Octavian thought they were getting a little off the point. “Lord Harcourt, you said that you brought Syd home as a newborn. From where? Who are her natural parents?”
“Does it matter? They are both long since dead.”
Syd gasped.
Octavian wrapped an arm around her. “Harcourt, be careful what you say. Can you not see how painful this is for your…” He let his voice trail away, for he did not know who Syd was to this man.
“Who were my parents? I have a right to know.”
Octavian nudged Syd closer to him as tears now stung her eyes.
“Who?” she insisted, her heart laid bare for this man to crush.
Her father pondered the matter for a long moment and then nodded. “All right, child. You may as well hear it from me rather than from the gossip rags. You are the child of my best friend, the Marquess of Sutton and the squire’s daughter he loved. They never married, Syd. At least, I do not believe they did. Nor were they ever likely to marry because he was already betrothed to another. In the end, none of it mattered because he caught a lung fever before he ever had the chance to wed either of those ladies, and died before you were born.”
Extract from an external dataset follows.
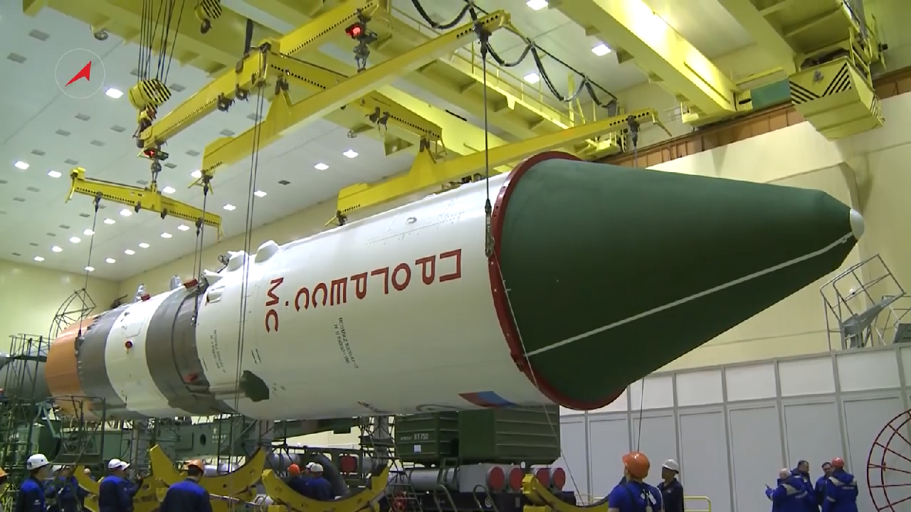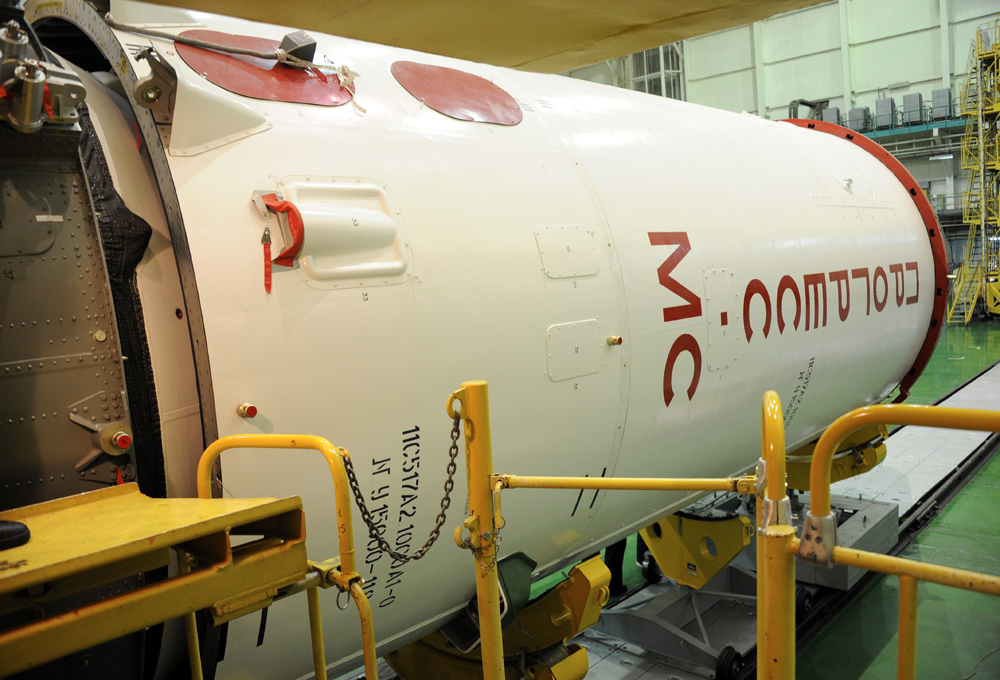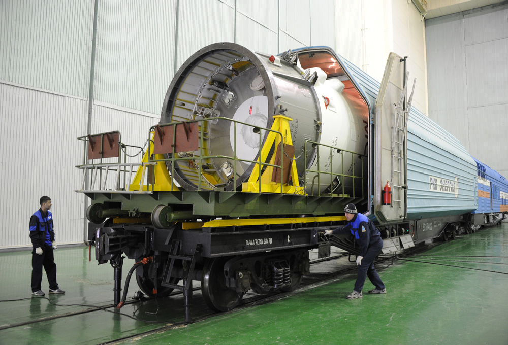 Nach den aufwändigen Vorarbeiten ... wurde gestern in Baikonur die "Verpackung" vorgenommen. Hier sieht man am Korpus zwei flache Behälter, weiß abgedeckt. Dabei handelt es sich um zwei Nano-Satelliten "Tanjusch - JuSGU", die im Orbit ausgesetzt werden sollen.

“And my mother?” she asked in trembling voice.
“She died shortly after giving birth to you. I was there at the convent for the birth, waiting in the antechamber for news she had delivered you. I was anxiously pacing back and forth as though I were the father. I was there by her side when shepassed. You see, I was fulfilling a deathbed promise made to Sutton to ensure his beloved and their child would always be kept safe. Your mother’s name was Catriona Langley, and she looked quite a bit like you, Syd. She named you before she died.Sydney.You must be called Sydney she insisted, for that was the family surname of the Marquess of Sutton. He was Douglas Sydney.”
Tears were streaming down Syd’s cheeks as she listened to Harcourt.
Octavian felt his own eyes moisten, but Syd had tears enough and did not need him crying, too. “Harcourt,” he said, hesitating to ask the next question because Syd was already so fragile, but it had to be asked, “do the Langleys and the Sydneys know about Syd?”